• **EXERCISE REQUIREMENTS**: Each line below must be reproduced exactly as it stands. Pictures stay out of the copy.

• **PROVIDED DATA**:
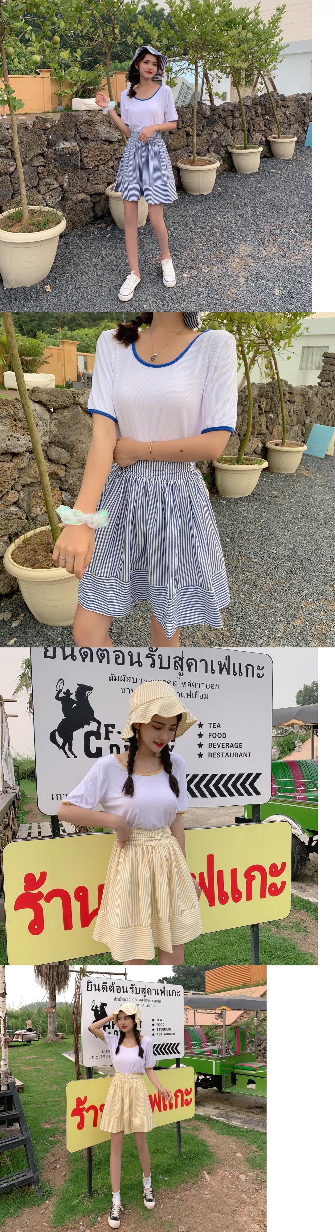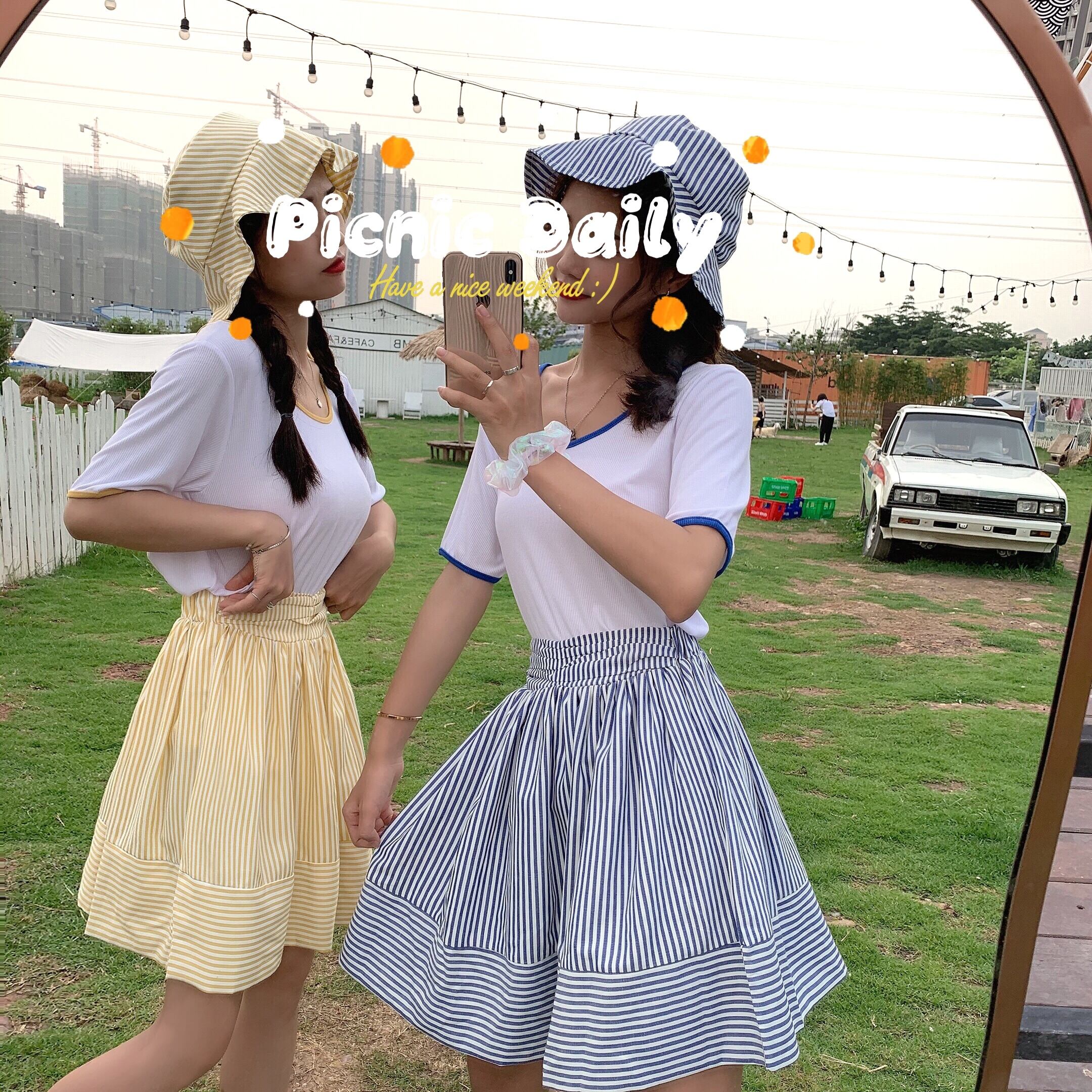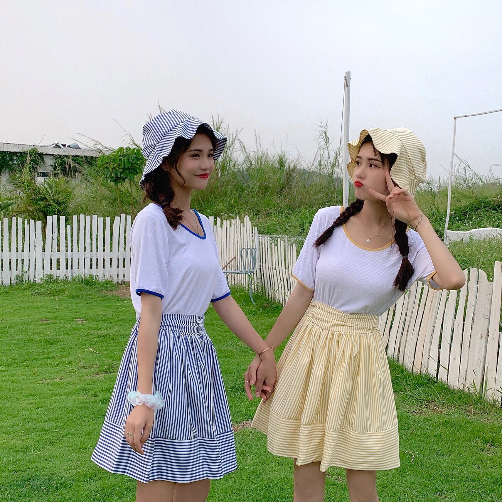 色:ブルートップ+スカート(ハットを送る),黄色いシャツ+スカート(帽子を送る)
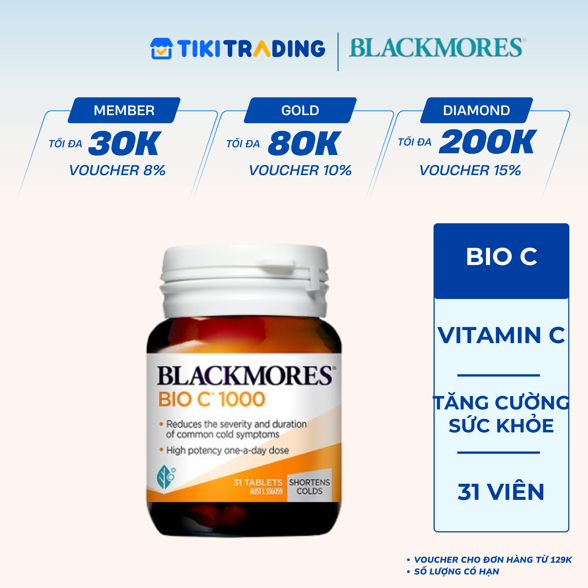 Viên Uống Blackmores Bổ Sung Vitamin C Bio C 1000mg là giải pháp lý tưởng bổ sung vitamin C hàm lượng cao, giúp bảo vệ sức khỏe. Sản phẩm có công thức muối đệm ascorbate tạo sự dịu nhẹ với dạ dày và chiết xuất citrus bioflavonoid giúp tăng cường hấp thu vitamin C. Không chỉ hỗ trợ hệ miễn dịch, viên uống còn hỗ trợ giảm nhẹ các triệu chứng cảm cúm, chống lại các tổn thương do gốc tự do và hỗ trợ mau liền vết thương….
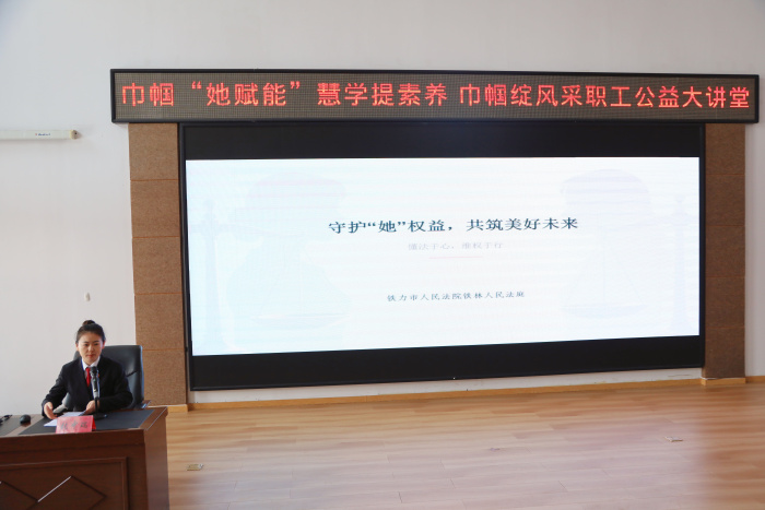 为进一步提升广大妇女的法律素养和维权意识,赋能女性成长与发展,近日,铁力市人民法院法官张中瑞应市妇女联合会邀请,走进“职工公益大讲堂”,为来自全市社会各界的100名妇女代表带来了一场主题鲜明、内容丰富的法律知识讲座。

• **RESPONSE AREA**:
 色:ブルートップ+スカート(ハットを送る),黄色いシャツ+スカート(帽子を送る)
 Viên Uống Blackmores Bổ Sung Vitamin C Bio C 1000mg là giải pháp lý tưởng bổ sung vitamin C hàm lượng cao, giúp bảo vệ sức khỏe. Sản phẩm có công thức muối đệm ascorbate tạo sự dịu nhẹ với dạ dày và chiết xuất citrus bioflavonoid giúp tăng cường hấp thu vitamin C. Không chỉ hỗ trợ hệ miễn dịch, viên uống còn hỗ trợ giảm nhẹ các triệu chứng cảm cúm, chống lại các tổn thương do gốc tự do và hỗ trợ mau liền vết thương….
 为进一步提升广大妇女的法律素养和维权意识,赋能女性成长与发展,近日,铁力市人民法院法官张中瑞应市妇女联合会邀请,走进“职工公益大讲堂”,为来自全市社会各界的100名妇女代表带来了一场主题鲜明、内容丰富的法律知识讲座。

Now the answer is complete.